In recent years, the understanding about the different clinical phenotypes, diagnostic and prognostic factors of myelin oligodendrocyte glycoprotein-antibody-associated disorders (MOGAD) has significantly increased. However, there is still lack of evidence-based treatment protocols for acute attacks and children with a relapsing course of the disease. Currently used acute and maintenance treatment regimens are derived from other demyelinating central nervous system diseases and are mostly centre-specific. Therefore, this part of the Paediatric European Collaborative Consensus attempts to provide recommendations for acute and maintenance therapy based on clinical experience and evidence available from mainly retrospective studies. In the acute attack, intravenous methylprednisolone (IVMP) leads to a favourable outcome in the majority of patients and can be followed by tapering of oral steroids up to a maximum of three months to maintain the benefit of acute treatment by suppressing disease activity. Intravenous immunoglobulins (IVIG) and plasmapheresis constitute second-line therapies in case of insufficient response to IVMP. After a first relapse, maintenance treatment should be started in order to prevent further relapses and the possibility of permanent sequelae. Four first-line therapies consisting of rituximab (RTX), azathioprine, mycophenolate mofetil or monthly IVIG have been identified by the consensus group. In case of further relapses despite maintenance treatment, the consensus group recommends treatment escalation with RTX or IVIG, followed by combining those two, and ultimately adding maintenance oral steroids.
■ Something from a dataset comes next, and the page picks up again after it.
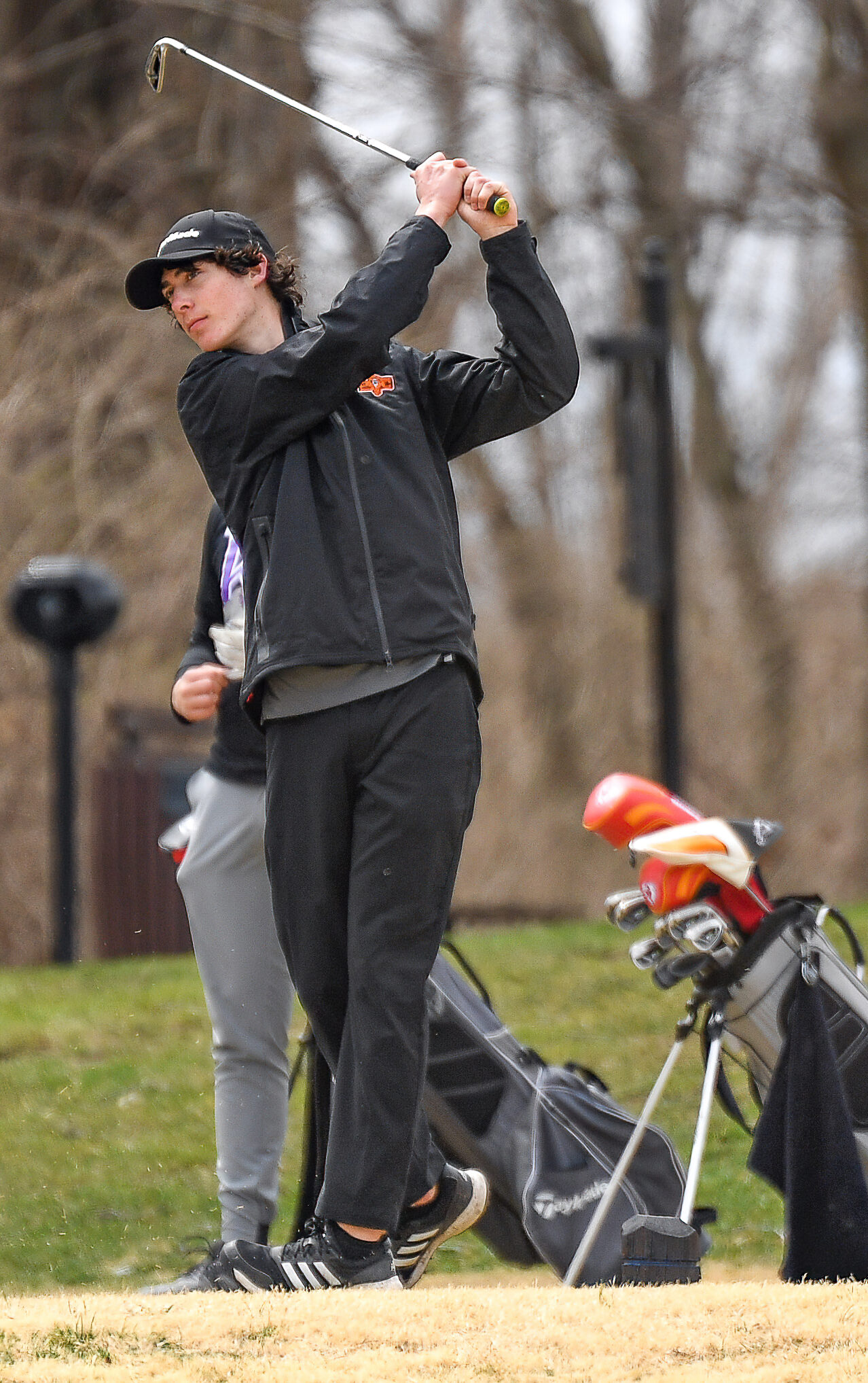 Platte County junior Jackson Gabbert watches a shot off the tee during the Winnetonka Invitational on Tuesday at Hodge Park Golf Course in Kansas City.

Many open questions remain which need to be addressed in further international prospective evaluation of MOGAD treatment. This international collaboration is essential to expand the state of current knowledge.

中文翻译:

欧盟儿科 MOG 联盟共识:第 5 部分 – 儿科髓鞘少突胶质细胞糖蛋白抗体相关疾病的治疗

近年来,对髓鞘少突胶质细胞糖蛋白抗体相关疾病(MOGAD)的不同临床表型、诊断和预后因素的认识显着增加。然而,对于急性发作和疾病复发的儿童,仍然缺乏循证治疗方案。目前使用的急性和维持治疗方案源自其他脱髓鞘中枢神经系统疾病,并且大多是针对中心的。因此,欧洲儿科协作共识的这一部分试图根据临床经验和主要回顾性研究提供的证据为急性和维持治疗提供建议。在急性发作时,静脉注射甲基强的松龙 (IVMP) 可使大多数患者获得良好的结果,随后可逐渐减少口服类固醇最多三个月,以通过抑制疾病活动来维持急性治疗的益处。在对 IVMP 反应不足的情况下,静脉注射免疫球蛋白 (IVIG) 和血浆置换构成二线治疗。第一次复发后,应开始维持治疗,以防止进一步复发和永久性后遗症的可能性。共识小组已经确定了四种一线疗法,包括利妥昔单抗 (RTX)、硫唑嘌呤、霉酚酸酯或每月一次的 IVIG。如果维持治疗后进一步复发,共识小组建议使用 RTX 或 IVIG 升级治疗,然后将这两者结合起来,并最终添加维持性口服类固醇。许多悬而未决的问题需要在对 MOGAD 治疗的进一步国际前瞻性评估中加以解决。这种国际合作对于扩大现有知识的状态至关重要。